(Data):

BEGIN

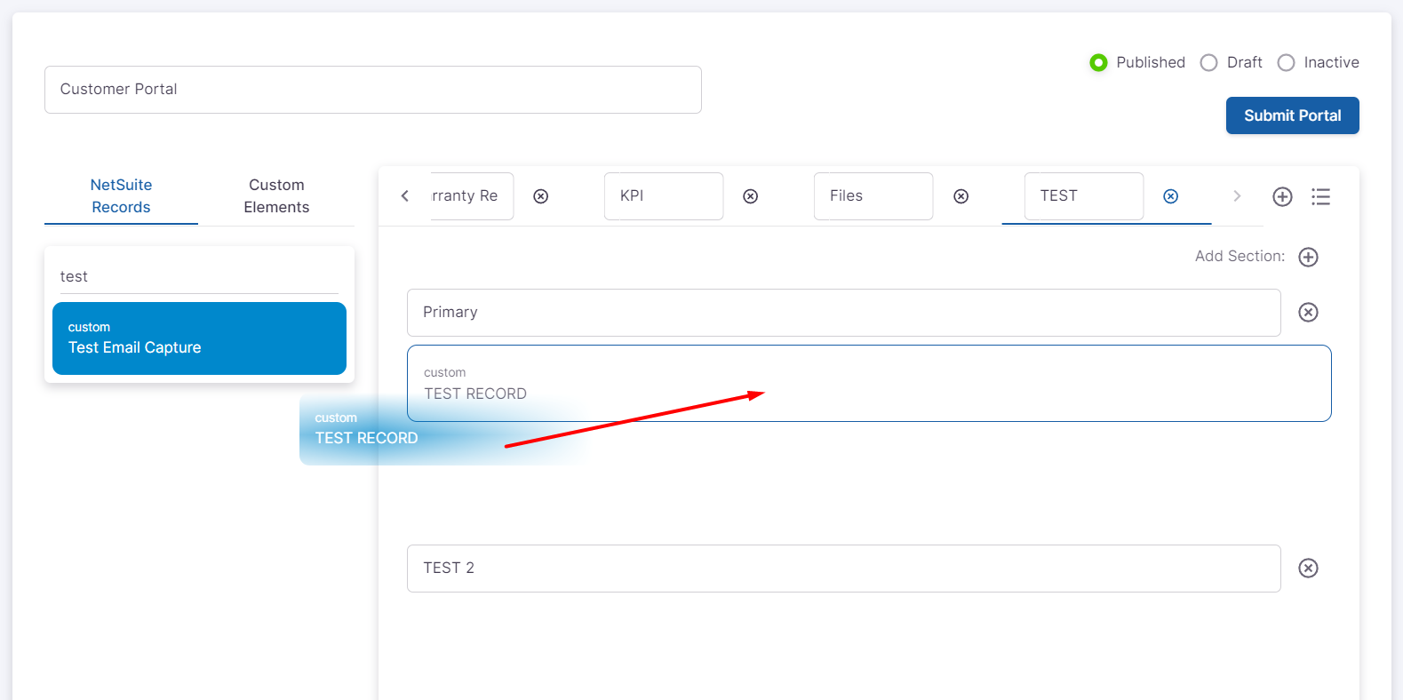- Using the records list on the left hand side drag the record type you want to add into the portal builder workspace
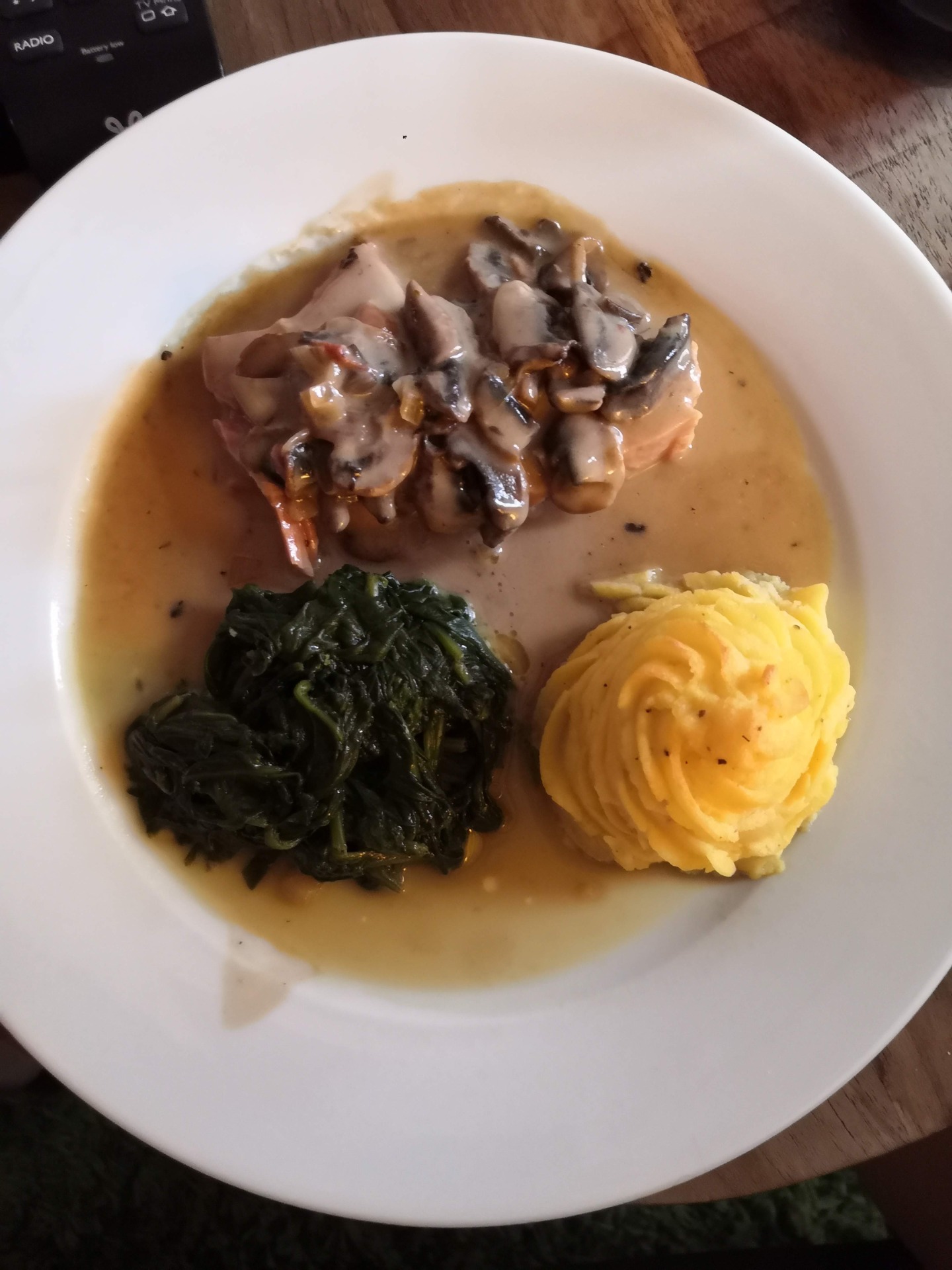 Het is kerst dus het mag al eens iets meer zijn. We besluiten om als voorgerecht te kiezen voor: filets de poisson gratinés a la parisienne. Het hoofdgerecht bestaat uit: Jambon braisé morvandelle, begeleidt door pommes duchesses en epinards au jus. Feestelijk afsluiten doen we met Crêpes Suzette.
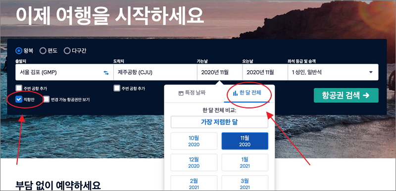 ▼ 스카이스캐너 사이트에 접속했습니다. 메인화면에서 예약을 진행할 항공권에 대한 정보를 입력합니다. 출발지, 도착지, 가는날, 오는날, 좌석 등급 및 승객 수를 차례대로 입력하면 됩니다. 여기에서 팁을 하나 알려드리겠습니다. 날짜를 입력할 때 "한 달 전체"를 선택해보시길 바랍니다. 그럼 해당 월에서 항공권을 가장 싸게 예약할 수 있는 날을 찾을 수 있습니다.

END

(Required action): Only the pictures are to be left out; repeat all other material exactly.

(Your response):
- Using the records list on the left hand side drag the record type you want to add into the portal builder workspace
 Het is kerst dus het mag al eens iets meer zijn. We besluiten om als voorgerecht te kiezen voor: filets de poisson gratinés a la parisienne. Het hoofdgerecht bestaat uit: Jambon braisé morvandelle, begeleidt door pommes duchesses en epinards au jus. Feestelijk afsluiten doen we met Crêpes Suzette.
 ▼ 스카이스캐너 사이트에 접속했습니다. 메인화면에서 예약을 진행할 항공권에 대한 정보를 입력합니다. 출발지, 도착지, 가는날, 오는날, 좌석 등급 및 승객 수를 차례대로 입력하면 됩니다. 여기에서 팁을 하나 알려드리겠습니다. 날짜를 입력할 때 "한 달 전체"를 선택해보시길 바랍니다. 그럼 해당 월에서 항공권을 가장 싸게 예약할 수 있는 날을 찾을 수 있습니다.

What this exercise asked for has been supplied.